Growth of Grimmia mosses on volcanic tephra: Geoecological processes of biocrust development in Haleakalā crater (Maui, Hawai′i)

This research examines high-elevation biocrusts on volcanic tephra in Haleakalā Crater, Maui, Hawai′i; geomorphic, ecological, and pedological processes are discussed, in order to provide an integrated geoecological view of linkages that have influenced biocrust genesis.

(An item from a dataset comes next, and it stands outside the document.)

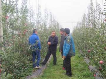 10月16日甘肃省天水市秦安县2016年新型职业农民培育工程苹果生产经营培训班大约70人前来宝鸡华圣基地参观。宝鸡华圣的技术员带领大家进行了参观,并对柿沟基地的基本情况进行了介绍。 柿沟基地的苹果树是2014年种植的,到目前我们由国外引进的嘎啦系列(巴克艾和密谢啦)、富士系列等已经种植成功,第一年亩产量在400-500公斤,第二年亩产量达到800-1500公斤。这说明我们种植的矮化自根砧种苗除了易管理外,产量是大大提高了。 果农朋友看到我们矮砧密植的种植模式和生产方式表示赞许,对自根砧M9-T337,水肥一体化的滴管模式表现浓厚的兴趣,纷纷咨询,技术员给予详细的讲解。 果农朋友纷纷研究起我们种植模式 随后技术员还介绍了通过两年时间培育出平均带有12个分枝的4A级大苗,高度1.8m以上M9-T337矮化自根砧大苗,在苗圃完成整形,建园当年即可开花结果的成果。通过这样的建园方式和种植模式,完全打破了传统的建园方式。 还有我们的压条圃,通过讲解终于了解到,自根砧是怎么种植的 最后来到机械库房,公司目前从意大利荷兰引进了苗木种植机,起苗机,锯末覆盖机,砧木刷根机,果园弥雾机,混药剂,割草机,果园多功能操作平台,专用拖拉机等苗圃基地配套设备30余台,其中20余台设备为国内首次引进。 技术人员还现场演示了多功能果园操作平台,果农朋友面对这些先进的设备表示赞许。各类新设备的引进和使用不仅大大降低了劳动成本,提高了工作效益,更重要的是在中国农业领域起到示范效应。

The study considers four spatial scales: (i) the landscape scale; (ii) the site scale; (iii) the miniature scale and, (iv) the microscopic scale. (i) Biocrusts grow at ~ 2335 m on a hydrologic basin circumscribed by four cinder cones which contributed tephra materials during eruptions between 11000 and 5000 BP, ~2700 BP, and 970 ± 50 BP. Basin landforms provide multiple clues about past geomorphic processes that have affected crust evolution, including intermittent runoff, which decreased the length of cryptobiosis periods, allowing poikilohydric mosses to gradually expand into dense biocrusts; and widespread frost activity, which caused tephra sorting and extensive slope creep on cinder cones. Ubiquitous signs of current frost disturbance are also found on basin soils. (ii) The study site, located amidst bare volcanic tephra—ash and lapilli—includes mainly two organisms: an acrocarpous moss, Grimmia torquata, and a foliose lichen, Peltigera rufescens. Biocrusts attained 40.23% groundcover;G. torquata was found on 64 undisturbed specimens, and showed 78.3% frequency on 46 sampling plots, whereas P. rufescens grew on 23.4% of specimens. Biocrusts also supported 13 vascular species. The most common were grasses, with 5.6% cover and 67.4% total frequency, including Trisetum glomeratum (47.8%) and Deschampsia nubigena (19.6%); other vascular plants reached just 0.85% combined cover. Tests show 72% of vascular-plant cover was statistically correlated with presence of biocrusts, suggesting these have beneficial—presumably pedological—effects on vascular plant growth. (iii) Biocrust microtopography was characterized by intermingling areas of rolling, 15–35 mm-high, protrusions, and 40–75 mm-high pinnacles. (iv) Soil micromorphology indicated crust growth was probably influenced by a host of genetic processes, including wind abrasion and erosion; aeolian dust deposition; soil desiccation during seasonal wet-dry cycles; rainwash and raindrop impact; diurnal temperature cycles; and bioturbation by burrowing fauna. The interactions among these agents are integrated into an idealized crust developmental sequence during the past few millennia.